Hawaii’s geography makes it well-suited for renewable energy—it’s forced to import and burn oil to generate electricity at great cost, and its sunny climate makes solar power an obvious choice. But for a state intent on going 100 percent green in just thirty short years, worrying signs of strain on power grids are already starting to appear. The WSJ reports:
…Hawaii’s grid is already running into problems with its heavy helping of rooftop solar and other carbon-free renewables. Among them: sudden swings in the output of solar and wind, which force the state’s main utility to scramble to try to keep the overall supply of power steady. […]
Though Hawaii’s effort is attracting attention around the globe, its electric system is unusual. For starters, each island has its own electric grid, and they aren’t connected. On the mainland, three big power grids serve 48 states; typically, the bigger the grid, the more stable it is. […]
More than 50,000 houses in the state act as tiny power plants, putting any electricity that they don’t use onto the grid.

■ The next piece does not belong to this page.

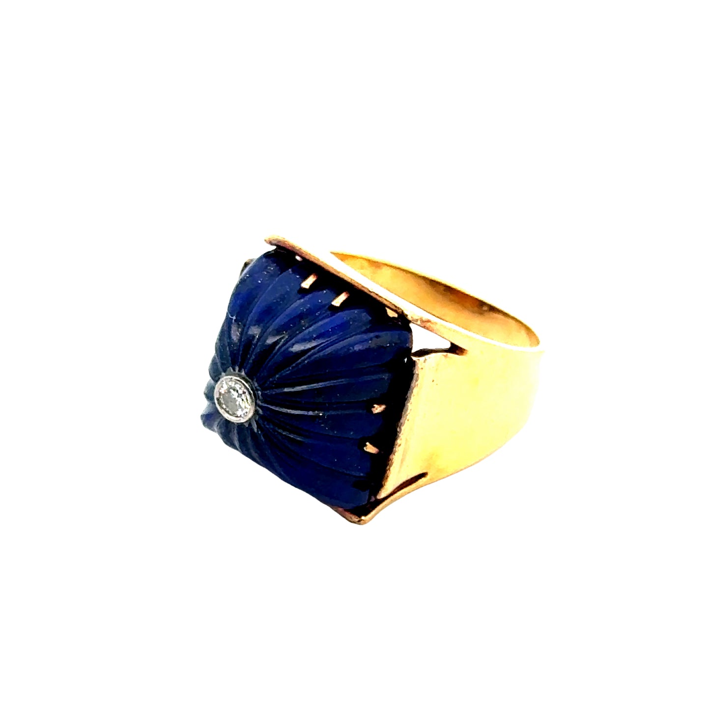 Estate 18K Yellow Gold Lapis Lazuli & Diamond Ring

But grids were designed to zip electrons across high-voltage wires from a few big power plants to homes and businesses; they were not made to work the other way around. Traditional power plants weren’t designed to ramp up and down quickly, either—making it tough to absorb bursts of solar power added to the grid on sunny days or make up for a sudden drop on cloudy ones.
Grid stability is often overlooked or glossed over by renewable energy activists, but it remains a high hurdle communities will have to clear to significantly boost the share wind and solar have in the overall energy mix. Most grids as currently arrayed just aren’t equipped to send power in two directions, and as a result are destabilized when smaller, more distributed, and much more numerous solar and wind energy providers start providing power.
To make matters work, these renewables producers can’t contribute when the sun isn’t shining or the wind isn’t blowing, meaning they need to draw from the grid during certain times of the day. Lacking any cost-effective commercial-scale energy storage options, that means Hawaii will continue to have to rely on fossil fuels for those cloudy, windless days.
The Aloha State is fashioning itself as an American leader in solar energy, but is finding out that blazing that trail is a much tougher task than most greens like to think it is.